# UFO Sightings Redux

by **Mazza Luca**, **Giada Galdiolo** and **Vasco Silva Pereira**

## Dataset

[UFO Sightings Redux *by National UFO Reporting Center*](https://github.com/rfordatascience/tidytuesday/blob/main/data/2023/2023-06-20/readme.md)



In [None]:
# Load Dataset

import pandas as pd
import numpy as np
import plotly.express as px
import plotly.graph_objects as go
import plotly.subplots as ps
from plotly.subplots import make_subplots


df = pd.read_csv('./data/ufo_sightings.csv')
df_dayparts = pd.read_csv('./data/day_parts_map.csv')
df_places = pd.read_csv('./data/places.csv')

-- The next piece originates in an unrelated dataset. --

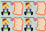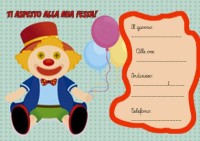 Un invito per bambini, tenero e pronto da stampare. Un biglietto con un tenero pagliaccio per invitare gli amici alla propria festa. I biglietti sono solo da stampare, ritagliare e compilare. Se il piccolo festeggiato (o la piccola festeggiata) ha giĂ imparato a scrivere, chiedetegli di compilare i biglietti, ne sarĂ orgoglioso!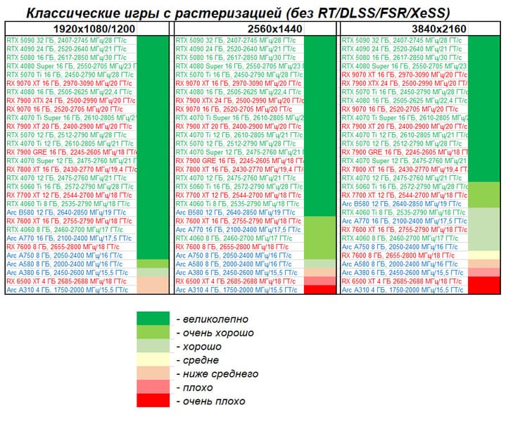 Рейтинг составлен по всем тестам без использования технологий трассировки лучей. Этот рейтинг нормирован по наиболее слабому ускорителю из группы карт — Arc A310 (то есть сочетание скорости и функций Arc A310 приняты за 100%). Рейтинги ведутся по 30 регулярно исследуемым нами акселераторам в рамках проекта Лучшая видеокарта месяца. В данном случае из общего списка выбрана группа карт для анализа, в которую входят Radeon RX 9070 XT и его конкуренты.

df['id'] = range(1, len(df) + 1)
df.set_index('id', inplace=True)

df['posted_date'] = pd.to_datetime(df['posted_date'], format = '%Y-%m-%d', errors = 'coerce')
df['reported_date_time'] = pd.to_datetime(df['reported_date_time'], errors = 'coerce')
df['reported_date_time_utc'] = pd.to_datetime(df['reported_date_time_utc'], errors = 'coerce')

In [None]:
df.info()

In [None]:
df.head(100000)

In [None]:
df_tmp = df.groupby(df['reported_date_time'].dt.year).size()
px.line(data_frame=df_tmp) \
    .update_layout(title="Sightings per Year", xaxis_title="Reported Year", yaxis_title="Number of sightings", showlegend=False)

In [None]:
px.histogram(data_frame=df, x='duration_seconds', range_x=[0, 1000000])\
    .update_yaxes(type="log")\
    .update_layout(title='Distribution of Duration', xaxis_title="Duration [s]", yaxis_title="Number of sightings", showlegend=False)